Exercise data:
------------------------------------------------------------

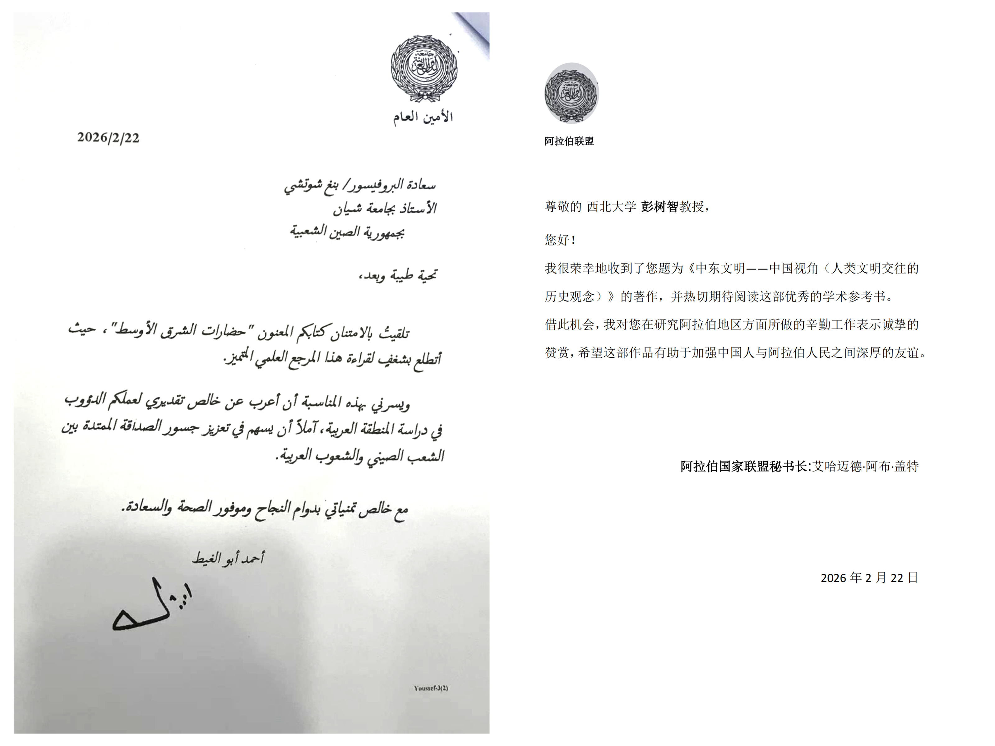 2月22日,阿拉伯国家联盟秘书长盖特致信太阳集团中东研究所名誉所长彭树智教授。盖特对彭树智教授在阿拉伯地区研究方面做出的辛勤工作表示诚挚的赞赏,希望《中东文明——中国视角(人类文明交往的历史观念)》(阿拉伯语版)有助于加强中国人与阿拉伯人民之间深厚的友谊。2022年,《人类文明交往的历史观念》由15vip太阳集团官网出版社出版,系“15vip太阳集团官网名师大家学术文库”丛书之一,荣获陕西省第十七次哲学社会科学优秀成果一等奖。彭树智...
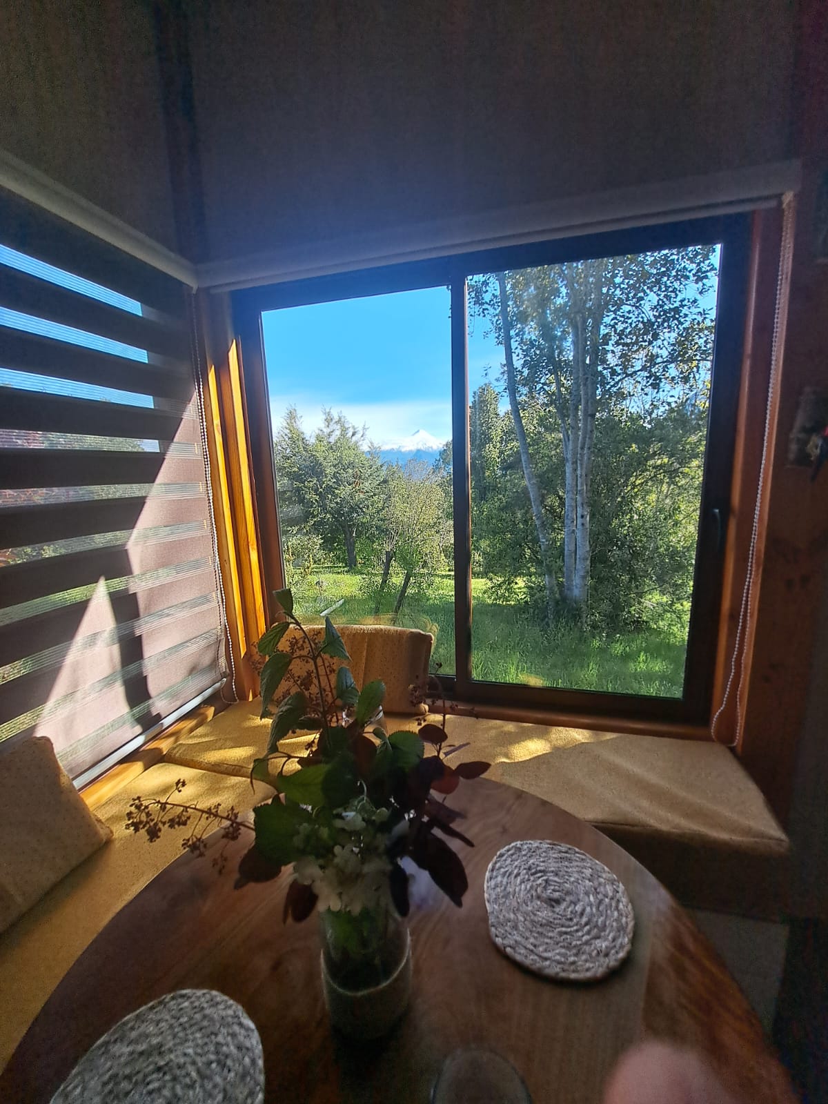 A 45 minutos (32 km) de Pucón, hermosa cabaña alpina inserta en el bosque, pensada para una experiencia de desconexión y vida simple. Silencio, canto de aves, árboles nativos, sol y lluvia cordillerana, con excelente WiFi. Contamos con energía eléctrica convencional e incorporamos energía renovable para ser más conscientes con el planeta. Calefacción estufa a pellet y cocina a leña, para quienes valoran la vida simple y consciente. Si amas el bosque más que los lujos urbanos, esto es para ti!
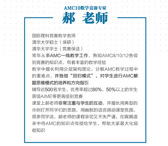 热爱数学的你是不是看完后很心动,12月5日,下周六的AMC10培训班期待你的加入,欢迎感兴趣的家长和学生与我们联系。
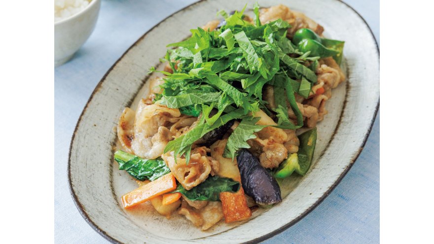 余り食材をおいしく食べきる肉野菜炒め。どんな食材でもだいたいOKですが、たっぷりの青じそだけはマスト。甘じょっぱいみそベースの味と相まって、食欲をそそる最強のご飯のおかずに。
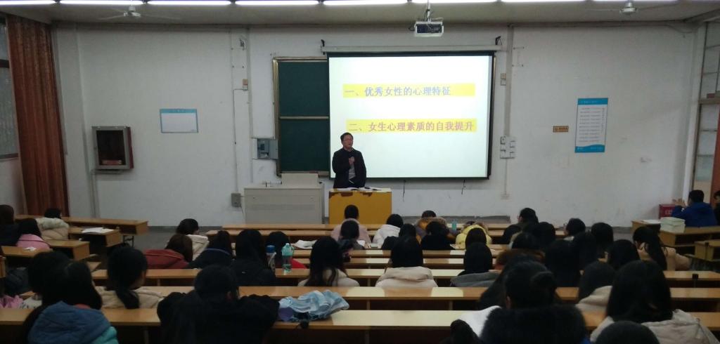 本网讯 为引导外院女生更多地关注自身道德修养、文化内涵、心理健康、独立意识等综合素质的提升,帮助女生们走成长、成才、成功之路,3月9日,以“学会自我保护,提升女性心理素养”为主题的女生节心理讲座在三孝口校区西阶教室举办,永利集团304am登录专升本班、2016翻译班同学参加了讲座。此次讲座由永利集团304am登录分团委书记江洋主讲。
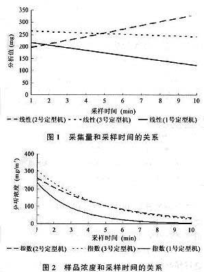 通過對表1監測數據的分析,發現采樣時間和采集量及濃度有某種相關性,為此,據表1數據,通過回歸分析,得到有關的回歸曲線,見圖1和圖2,從圖中可以得出:⑴隨著采樣時間的增加,油煙樣品的采集量變化不大。雖然三次監測曲線有所變化,但總體變化不大。主要原因是由于煙氣溫度較高以及工業油煙的粘度較小,金屬濾筒溫度升高后油煙易揮發,甚至以氣態形式排放,不易被金屬濾筒吸附,造成吸附飽和。⑵隨著采樣時間的增加,樣品的濃度在不斷下降。主要原因是樣品的采集量沒有增加,卻由于采樣時間的增加造成采樣體積不斷增加,因此樣品濃度不斷下降。
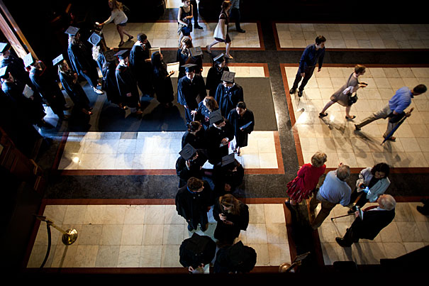 Harvard’s first official Commencement act of 2011 unfolded outside Harvard Hall today (May 24) when a select group of seniors in black caps and gowns gathered for a fife-and-drum procession to Sanders Theatre for the annual Phi Beta Kappa ceremony.
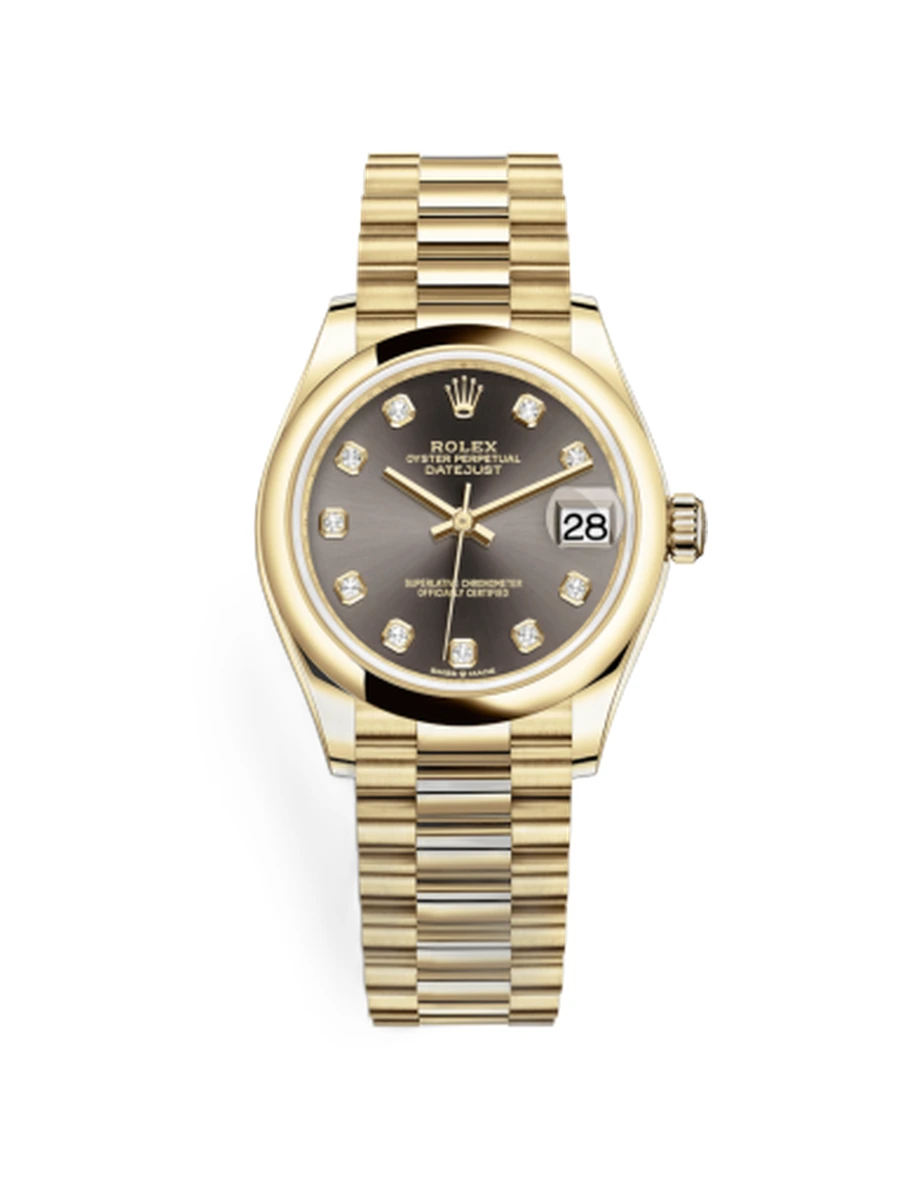 Datejust 31 Yellow Gold / Domed / Grey - Diamond / President
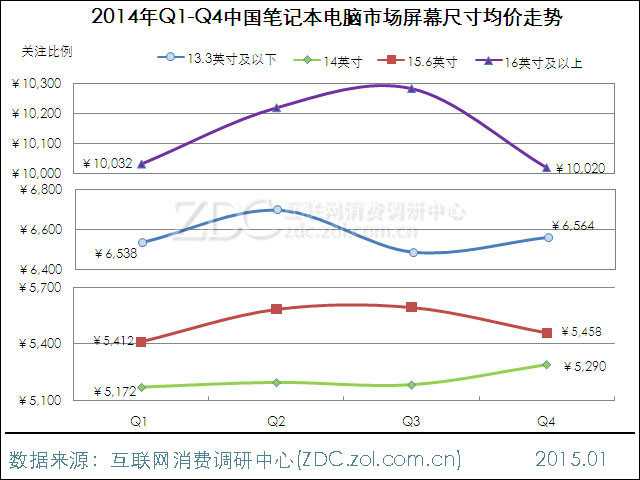 从产品均价的角度来看,2014年16英寸以上产品售价相对最高,均价在10000元以上,同时价格波动幅度明显。与之相比,13.3英寸以下、14英寸和15.6英寸产品均价相对稳定。

------------------------------------------------------------

What is being asked: Omit every picture while copying the listing above exactly.

Exercise result:
 2月22日,阿拉伯国家联盟秘书长盖特致信太阳集团中东研究所名誉所长彭树智教授。盖特对彭树智教授在阿拉伯地区研究方面做出的辛勤工作表示诚挚的赞赏,希望《中东文明——中国视角(人类文明交往的历史观念)》(阿拉伯语版)有助于加强中国人与阿拉伯人民之间深厚的友谊。2022年,《人类文明交往的历史观念》由15vip太阳集团官网出版社出版,系“15vip太阳集团官网名师大家学术文库”丛书之一,荣获陕西省第十七次哲学社会科学优秀成果一等奖。彭树智...
 A 45 minutos (32 km) de Pucón, hermosa cabaña alpina inserta en el bosque, pensada para una experiencia de desconexión y vida simple. Silencio, canto de aves, árboles nativos, sol y lluvia cordillerana, con excelente WiFi. Contamos con energía eléctrica convencional e incorporamos energía renovable para ser más conscientes con el planeta. Calefacción estufa a pellet y cocina a leña, para quienes valoran la vida simple y consciente. Si amas el bosque más que los lujos urbanos, esto es para ti!
 热爱数学的你是不是看完后很心动,12月5日,下周六的AMC10培训班期待你的加入,欢迎感兴趣的家长和学生与我们联系。
 余り食材をおいしく食べきる肉野菜炒め。どんな食材でもだいたいOKですが、たっぷりの青じそだけはマスト。甘じょっぱいみそベースの味と相まって、食欲をそそる最強のご飯のおかずに。
 本网讯 为引导外院女生更多地关注自身道德修养、文化内涵、心理健康、独立意识等综合素质的提升,帮助女生们走成长、成才、成功之路,3月9日,以“学会自我保护,提升女性心理素养”为主题的女生节心理讲座在三孝口校区西阶教室举办,永利集团304am登录专升本班、2016翻译班同学参加了讲座。此次讲座由永利集团304am登录分团委书记江洋主讲。
 通過對表1監測數據的分析,發現采樣時間和采集量及濃度有某種相關性,為此,據表1數據,通過回歸分析,得到有關的回歸曲線,見圖1和圖2,從圖中可以得出:⑴隨著采樣時間的增加,油煙樣品的采集量變化不大。雖然三次監測曲線有所變化,但總體變化不大。主要原因是由于煙氣溫度較高以及工業油煙的粘度較小,金屬濾筒溫度升高后油煙易揮發,甚至以氣態形式排放,不易被金屬濾筒吸附,造成吸附飽和。⑵隨著采樣時間的增加,樣品的濃度在不斷下降。主要原因是樣品的采集量沒有增加,卻由于采樣時間的增加造成采樣體積不斷增加,因此樣品濃度不斷下降。
 Harvard’s first official Commencement act of 2011 unfolded outside Harvard Hall today (May 24) when a select group of seniors in black caps and gowns gathered for a fife-and-drum procession to Sanders Theatre for the annual Phi Beta Kappa ceremony.
 Datejust 31 Yellow Gold / Domed / Grey - Diamond / President
 从产品均价的角度来看,2014年16英寸以上产品售价相对最高,均价在10000元以上,同时价格波动幅度明显。与之相比,13.3英寸以下、14英寸和15.6英寸产品均价相对稳定。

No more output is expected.